En 1885 se aprobó una ley que castigaba con penas de cárcel las "indecencias graves", como la homosexualidad
Éste comenzó al cabo de un mes, en medio de una expectación desbordante. Desde el banquillo de los acusados el
escritor asistió a un desfile de testigos de su homosexualidad, muchos de ellos chantajistas profesionales que se
dedicaban a intercambiar silencio por dinero. En el juicio se llegó al punto de requerir el testimonio de la camarera de
piso de un hotel para determinar si, por el estado de las sábanas, Wilde había cometido "el acto de la sodomía".
A pesar de los golpes bajos, Oscar Wilde mantuvo su brillantez y su extravagancia en todo momento. Cuando se le
preguntó por qué frecuentaba tanto la compañía de hombres jóvenes, Wilde se declaró "un amante de la juventud".
Pronunció entonces su apasionado alegato a favor del "amor que no se atreve a decir su nombre", expresión tomada de
un poema de su mismo amante. Algunos testigos incluso creyeron que Wilde sería capaz de meterse al jurado en el
bolsillo, y es cierto que el primer jurado se declaró incapaz de llegar a un acuerdo. Hubo que repetir el juicio, pero esta
vez el jurado no fue tan benevolente y lo declaró culpable. El escritor estuvo a punto de desmayarse cuando oyó que el
juez lo condenaba a dos años de trabajos forzados en prisión por haber cometido "indecencias graves". La prensa
aplaudió la decisión, como hicieron los asistentes al juicio.
PRISIÓN Y EXILIO
En los siguientes dos años, Wilde sufrió los últimos coletazos de la prisión victoriana: raciones mínimas de comida,
prohibición absoluta de hablar con otros reclusos y aislamiento del exterior sólo aliviado por una visita cada tres meses.
Perdió varios kilos en pocos meses y su salud empeoró visiblemente: un día, enfermo, se desmayó en la capilla y se
lesionó gravemente el oído derecho. Sin embargo, la atención que despertaba su caso provocó la mejora de su situación:
se le trasladó de cárcel en dos ocasiones y se le proporcionaron libros para leer y material para escribir. Así pudo escribir
una amarga y larga carta a Douglas, De Profundis, una de sus mejores obras en prosa.
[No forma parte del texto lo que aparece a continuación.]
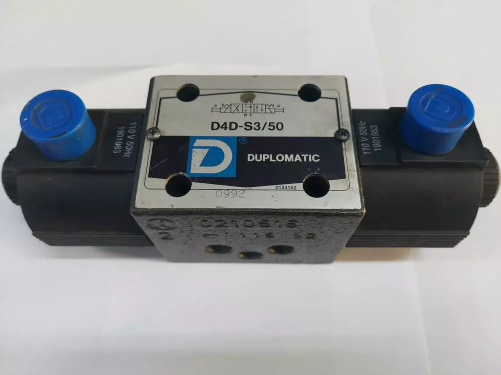 Гідравлічні розподілники Duplomatic D4D-S3/50 (аналог 4WE10J, ВЕ10.34) призначені для керування й зміни напрямку або пуску та зупинки потоками робочих рідин у гідравлічних системах. Перемикання положення золотника відбувається за допомогою керівного елемента — електромагнітного (привода електромагнітного).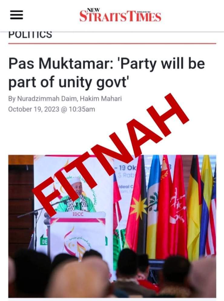 SHAH ALAM 19 Okt. – Pas menafikan laporan berita sebuah media tempatan yang memaklumkan bahawa parti tersebut akan menjadi sebahagian daripada Kerajaan Perpaduan yang terdiri daripada Pakatan Harapan (PH)-Barisan Nasional (BN). Timbalan Presidennya, Tuan Ibrahim Tuan Man berkata, pelaporan berita tersebut jauh berbeza dari konteks ucapan beliau sewaktu perasmian Muktamar Dewan Pemuda Pas semalam, Rabu. “Saya merujuk kepada berita yang dilaporkan oleh NST bertarikh 19 Oktober 2023 yang bertajuk “Pas Muktamar: ‘Party will be part of unity govt’ (Parti (Pas) akan menjadi sebahagian dari Kerajaan Perpaduan”. “Di awal pelaporan berita,…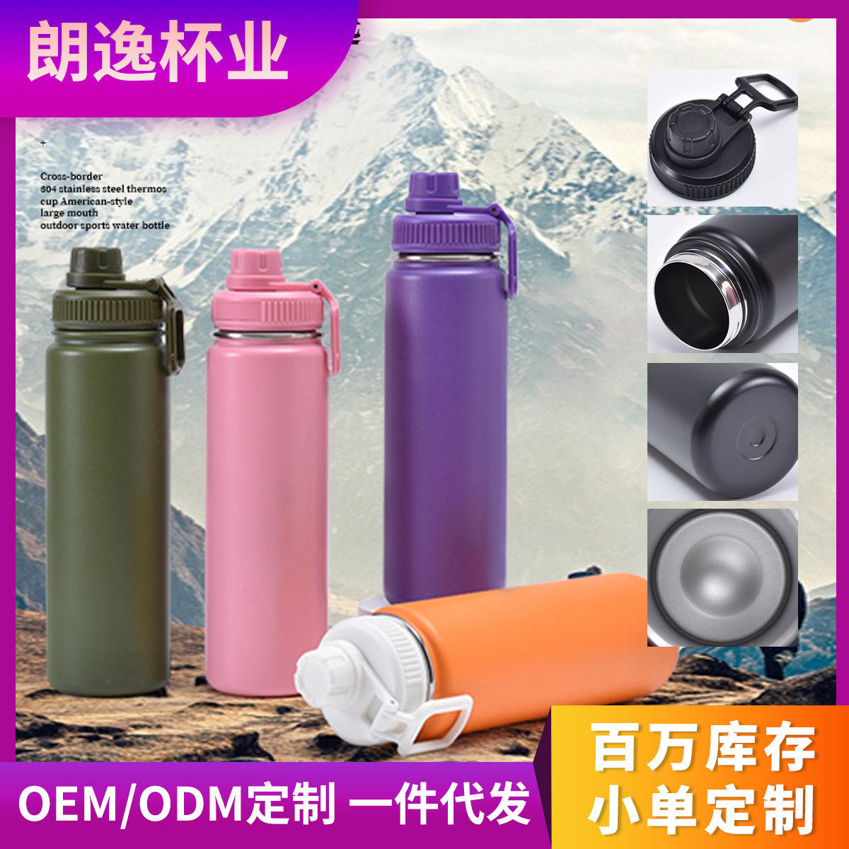 跨境新款304不锈钢750太空壶大容量户外运动水壶美式大口保温杯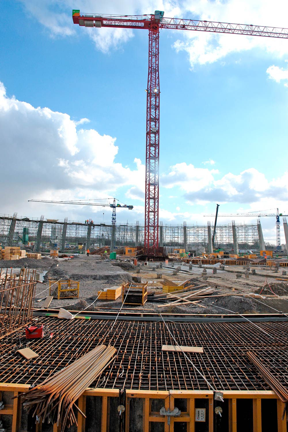 A gama de fornecimentos foi completada com 8.500 m2 de Cofragem Modular ORMA, 11.200 m2 de cofragens de laje, 5.500 metros lineares de Cimbre T-60 e 56.000 metros lineares de vigas de madeira. A qualidade do material e o elevado desempenho, em conjunto com os conhecimentos técnicos e a flexibilidade das cofragens contribuíram para a construção do núcleo dentro do tempo previsto, apesar dos prazos limitados.

Wilde sufrió la dura prisión victoriana: comida escasa, aislamiento absoluto y condiciones de vida penosas
Al cumplir los dos años de sentencia, Oscar Wilde recibió la libertad con grandes planes para recuperar su vida. En el
exilio escribió La balada de la prisión de Reading, una denuncia de las condiciones de la cárcel victoriana que impulsó su
reforma y fue un absoluto éxito editorial. Pero ésta fue su última obra. Wilde no podía dejar atrás la dura estancia en la
prisión ni el ostracismo social al que fue sometido a su salida. La experiencia le había dejado "sin ganas de reírse de la
vida" y se veía incapaz de escribir comedias como las que le habían llevado a la cima.
Wilde se reencontró con Alfred en Nápoles en 1897, pero sólo estuvieron juntos tres meses. Su esposa le prohibió visitar
a sus dos hijos, a los que no volvió a ver. Muchos amigos le abandonaron, hartos de sus constantes peticiones de dinero
y avergonzados por cómo se mostraba en las calles de París con decenas de jóvenes amantes. El daño, sin embargo,
iba más allá de lo psicológico. Una infección en el oído que se había lesionado en prisión y que le habían tratado con
negligencia probablemente derivó en la meningitis que acabó con su vida en el exilio, el 30 de noviembre de 1900.
Como Oscar Wilde, muchas otras personas fueron perseguidas por su orientación sexual hasta que la ley que lo condenó
fue derogada en 1956. El malogrado escritor lo vio claro poco antes de morir: «No tengo duda de que ganaremos. Pero el
camino será largo y lleno de monstruosos martirios». No pudo estar más acertado.